Data for: Nitrogen addition increases freeze resistance in black mangrove (Avicennia germinans) shrubs in a temperate-tropical ecotone

Low temperature stress is the primary factor determining the latitudinal limits of tropical plants. As the climate warms, tropical species are migrating poleward, displacing native species and modifying ecosystem structure and function. Changes are particularly evident along latitudinal gradients with the highest velocity of change occurring in wetlands. In coastal wetlands, saltmarshes dominate at latitudes above 30°, whereas mangroves occur mostly in the tropics because most species are intolerant of freezing temperatures, but others, like Avicennia germinans (black mangrove), do tolerate freezing temperatures. In response to a warmer climate and fewer killing freezes, mangroves are currently expanding into saltmarshes. However, the speed of the transition from saltmarsh to mangrove can also be modified by extreme events and nutrient subsidies. In a fertilization experiment along the Atlantic coast of North America, we found that nitrogen addition altered plant traits in Avicennia, which increased their resistance to freezing temperatures. This trait shift resulted in negligible freeze effects during a January 2018 extreme freeze event compared to unfertilized plants, which lost >80% of the leaves and >40% of the wood in their canopies. The freeze-killed litter from unfertilized plants provided a nutrient pulse that influenced recovery, growth and mangrove cover for three years following the freeze. Nutrient enrichment and recovery from the freeze effects led to increased growth and structural complexity of the mangrove canopy, which further enhanced freeze tolerance, shrub growth form, and the ability of Avicennia to displace the saltmarsh in the temperate-tropical ecotone.
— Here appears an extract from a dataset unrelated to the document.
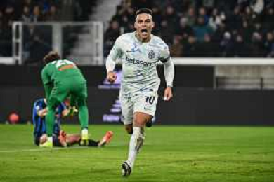 Lautaro Martínez of Inter FC celebrates after scoring during Atalanta BC vs Internazionale FC, 17° Serie A Enilive 2025-26 game at New Balance arena in Bergamo (BG), Italy, on Dicember 28, 2025. (Photo by Davide Casentini)- AGENZIA ALDO LIVERANI SAS

低温胁迫是决定热带植物纬度分布范围的主要因素。随着气候变暖，热带物种正逐渐向两极迁移，取代本地物种，并改变生态系统的结构与功能。这种变化在纬度梯度上尤为显著，其中湿地地区的变化速度最快。在沿海湿地中，盐沼在北纬30°以上占据主导地位，而红树林则主要分布于热带地区，因为大多数物种对冰冻温度的耐受性较差，但如银叶树（Avicennia germinans，又称黑 mangrove）等少数物种则能够耐受冰冻温度。针对气候变暖和减少的致命霜冻，红树林目前正逐渐向盐沼扩展。然而，从盐沼向红树林的过渡速度也可能受到极端事件和营养补充的影响。在北美大西洋沿岸的一项施肥实验中，我们发现氮的添加改变了银叶树的植物性状，提高了其对冰冻温度的抵抗力。这种性状的转变使得在2018年1月的一次极端冰冻事件中，与未施肥的植物相比，银叶树几乎不受冻害影响，而未施肥的植物则失去了超过80%的叶片和超过40%的树冠木质部分。未施肥植物所释放的冻死落叶为营养脉冲，影响了随后三年的恢复、生长和红树林的覆盖面积。营养的富集和冻害后的恢复导致了红树林树冠生长和结构复杂性的增加，进而提高了其耐寒性、灌木生长形态，以及银叶树在温带-热带过渡生态带中取代盐沼的能力。